Instructions to follow | Print the data that follows word for word, leaving out any picture.

##### Raw data

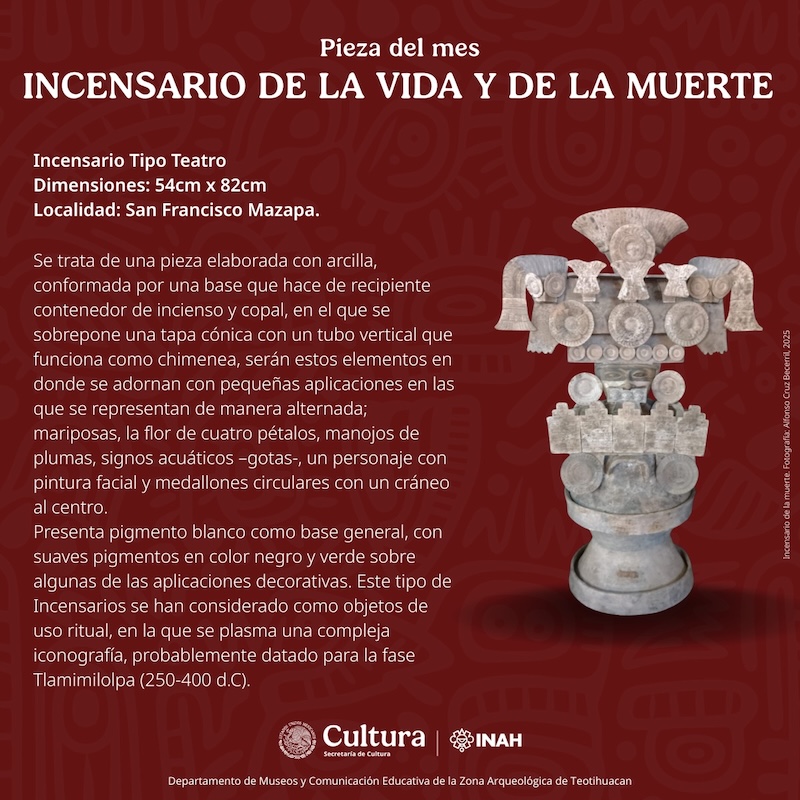 En paralelo, la arqueóloga de la Dirección de Salvamento Arqueológico del INAH, Rosalba Aguilera Muñoz, inauguró la pieza del mes en el MMT, que bajo el título de Incensario de la vida y de la muerte, despliega un incensario tipo teatro de 82 centímetros de alto, hallado en la localidad de San Francisco Mazapa; el objeto, de uso ritual, data de la fase Tlamimilolpa (250-400 d.C.).
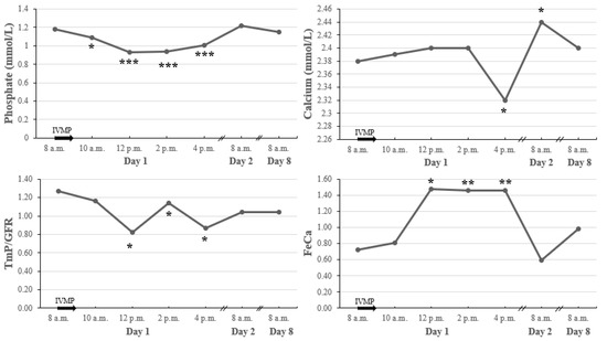 The following calcium metabolism parameters (Ca-P) were measured on Day 1 (five times), on Day 2 (once), and on Day 8 (once): serum levels of Ca, P, iPTH, creatinine (Cr) as well as Ca, P, and Cr in urine. Afterwards, the fractional excretions of calcium (FeCa = urine Ca × serum Cr/serum Ca × urine Cr), as well as tubular maximum reabsorption of phosphate adjusted to GFR (TmP/GFR = serum P − (urine P × serum Cr/urine Cr)) were calculated.
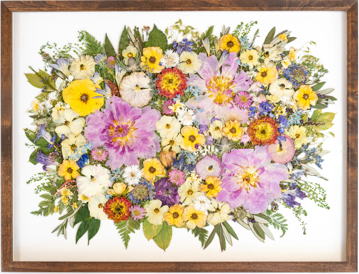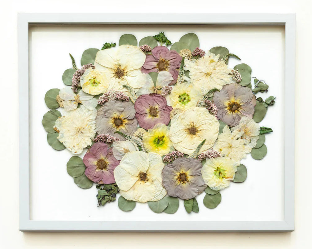Looking for a perfect sentimental gift for your anniversary? With Pressed Floral Recreations, we are able to order flowers from your original wedding bouquet and create a custom framed art-piece! Just send in a picture from your big day and we will figure out the flower ingredient list from the flowers shown.
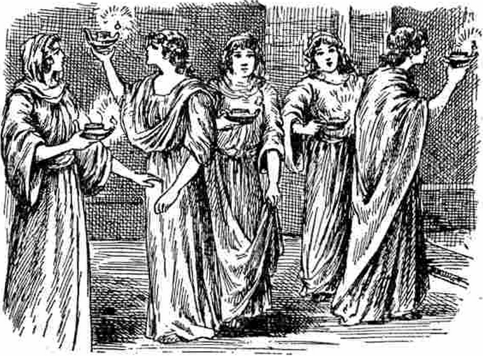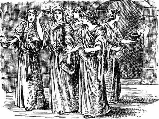 Entonces el reino de los cielos será semejante a diez vírgenes que, tomando sus lámparas, salieron al encuentro del esposo. Cinco de ellas eran necias, y cinco prudentes;” las necias, al tomar las lámparas, no tomaron consigo aceite, mientras que las prudentes tomaron aceite en las alcuzas juntamente con sus lámparas. Como el esposo tardaba, se adormilaron y durmieron. A la medianoche se oyó un clamoreo: Ahí está el esposo; salid a su encuentro.” Se despertaron entonces todas las vírgenes y se pusieron a preparar sus lámparas. Las necias dijeron a las prudentes: Dadnos aceite del vuestro, porque se nos apagan las lámparas. Pero las prudentes respondieron: No, porque podría ser que no bastase para nosotras y vosotras; id más bien a la tienda y compradlo;” pero, mientras fueron a comprarlo, llegó el esposo, y las que estaban prontas entraron con él a las bodas y se cerró la puerta. Llegaron más tarde las otras vírgenes, diciendo: Señor, señor, ábrenos. Pero él respondió: En verdad os digo que no os conozco. Velad, pues que no sabéis el día ni la hora. Mat 25:1-13

##########

Exercise output |
 En paralelo, la arqueóloga de la Dirección de Salvamento Arqueológico del INAH, Rosalba Aguilera Muñoz, inauguró la pieza del mes en el MMT, que bajo el título de Incensario de la vida y de la muerte, despliega un incensario tipo teatro de 82 centímetros de alto, hallado en la localidad de San Francisco Mazapa; el objeto, de uso ritual, data de la fase Tlamimilolpa (250-400 d.C.).
 The following calcium metabolism parameters (Ca-P) were measured on Day 1 (five times), on Day 2 (once), and on Day 8 (once): serum levels of Ca, P, iPTH, creatinine (Cr) as well as Ca, P, and Cr in urine. Afterwards, the fractional excretions of calcium (FeCa = urine Ca × serum Cr/serum Ca × urine Cr), as well as tubular maximum reabsorption of phosphate adjusted to GFR (TmP/GFR = serum P − (urine P × serum Cr/urine Cr)) were calculated.
Looking for a perfect sentimental gift for your anniversary? With Pressed Floral Recreations, we are able to order flowers from your original wedding bouquet and create a custom framed art-piece! Just send in a picture from your big day and we will figure out the flower ingredient list from the flowers shown.
 Entonces el reino de los cielos será semejante a diez vírgenes que, tomando sus lámparas, salieron al encuentro del esposo. Cinco de ellas eran necias, y cinco prudentes;” las necias, al tomar las lámparas, no tomaron consigo aceite, mientras que las prudentes tomaron aceite en las alcuzas juntamente con sus lámparas. Como el esposo tardaba, se adormilaron y durmieron. A la medianoche se oyó un clamoreo: Ahí está el esposo; salid a su encuentro.” Se despertaron entonces todas las vírgenes y se pusieron a preparar sus lámparas. Las necias dijeron a las prudentes: Dadnos aceite del vuestro, porque se nos apagan las lámparas. Pero las prudentes respondieron: No, porque podría ser que no bastase para nosotras y vosotras; id más bien a la tienda y compradlo;” pero, mientras fueron a comprarlo, llegó el esposo, y las que estaban prontas entraron con él a las bodas y se cerró la puerta. Llegaron más tarde las otras vírgenes, diciendo: Señor, señor, ábrenos. Pero él respondió: En verdad os digo que no os conozco. Velad, pues que no sabéis el día ni la hora. Mat 25:1-13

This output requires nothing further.